Taken together, the throughline is clear: vision models are gaining control over generation and interpretation, open models are closing benchmark gaps, and low-latency audio plus multimodal pipelines are making AI feel more like real-time interaction than a slow batch process.
Cornell Notes
GPT-4 Vision is reported to prioritize instructions embedded in an image over the user’s typed prompt, which can be leveraged for control but also raises jailbreak-style concerns. Open-source math and multimodal models are rapidly improving: Torah is described as competitive with GPT-4 on math benchmarks and is runnable locally, while Adapt AI Labs’ Fuyu 8B targets fast image understanding with sub-100ms responses. Real-time speech is moving from novelty to usability, with PlayHT’s “Turbo” mode aiming for ~300ms latency and supporting voice cloning. AI music generation is advancing in parallel, with 11 Labs previewing synthetic music and Refusion offering a simpler, more censored generator.

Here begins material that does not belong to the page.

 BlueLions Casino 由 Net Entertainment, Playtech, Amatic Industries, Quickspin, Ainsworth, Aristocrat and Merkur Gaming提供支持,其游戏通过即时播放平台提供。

Microsoft’s Azure AI team also reports an “idea-to-image” pipeline that uses GPT-4 Vision to teach Stable Diffusion XL better prompting, improving text and image-to-image results.
What does the GPT-4 Vision “image instruction priority” behavior mean, and why does it matter?

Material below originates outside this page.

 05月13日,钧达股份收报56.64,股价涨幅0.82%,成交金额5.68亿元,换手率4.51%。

Why is Torah’s open-source status significant for math reasoning?
What makes Fuyu 8B notable compared with many other multimodal models?
How does PlayHT’s low-latency speech change what AI conversations can feel like?
What are the main differences in the AI music generation options mentioned?
How does the Microsoft Azure “idea-to-image” approach improve Stable Diffusion XL outputs?
Review Questions
- If an image contains conflicting instructions, what behavior should designers expect from GPT-4 Vision, and how could that affect prompt safety?
- How do open-source math agents like Torah change the way researchers and developers can test and deploy reasoning models?
- What practical advantage does sub-100ms multimodal inference (like Fuyu 8B) offer compared with slower image understanding systems?
Key Points
- 1
GPT-4 Vision can prioritize text instructions embedded inside an image over the user’s typed prompt, even when the two conflict.
- 2
The “image-first” behavior appears to be imperfect: under pressure, the model may acknowledge the visual content is handwritten text rather than the claimed image description.
- 3
Torah is an open-source reasoning agent for math that is reported to score competitively with GPT-4 on GSM8K and can be run locally.
- 4
Adapt AI Labs’ Fuyu 8B targets fast multimodal responses (under 100 milliseconds) and is described as small enough to potentially run on a phone.
- 5
PlayHT’s “PlayHT 2.0 Turbo” emphasizes real-time speech with about 300ms low latency and supports voice cloning for natural-feeling conversations.
- 6
AI music generation is splitting into different tradeoffs: 11 Labs emphasizes quality, while Refusion emphasizes ease of use and social discovery but with shorter outputs and heavier censorship.
- 7
Microsoft Azure’s GPT-4 Vision + Stable Diffusion XL pipeline improves text-to-image and image-to-image results by teaching better prompting through iterative training.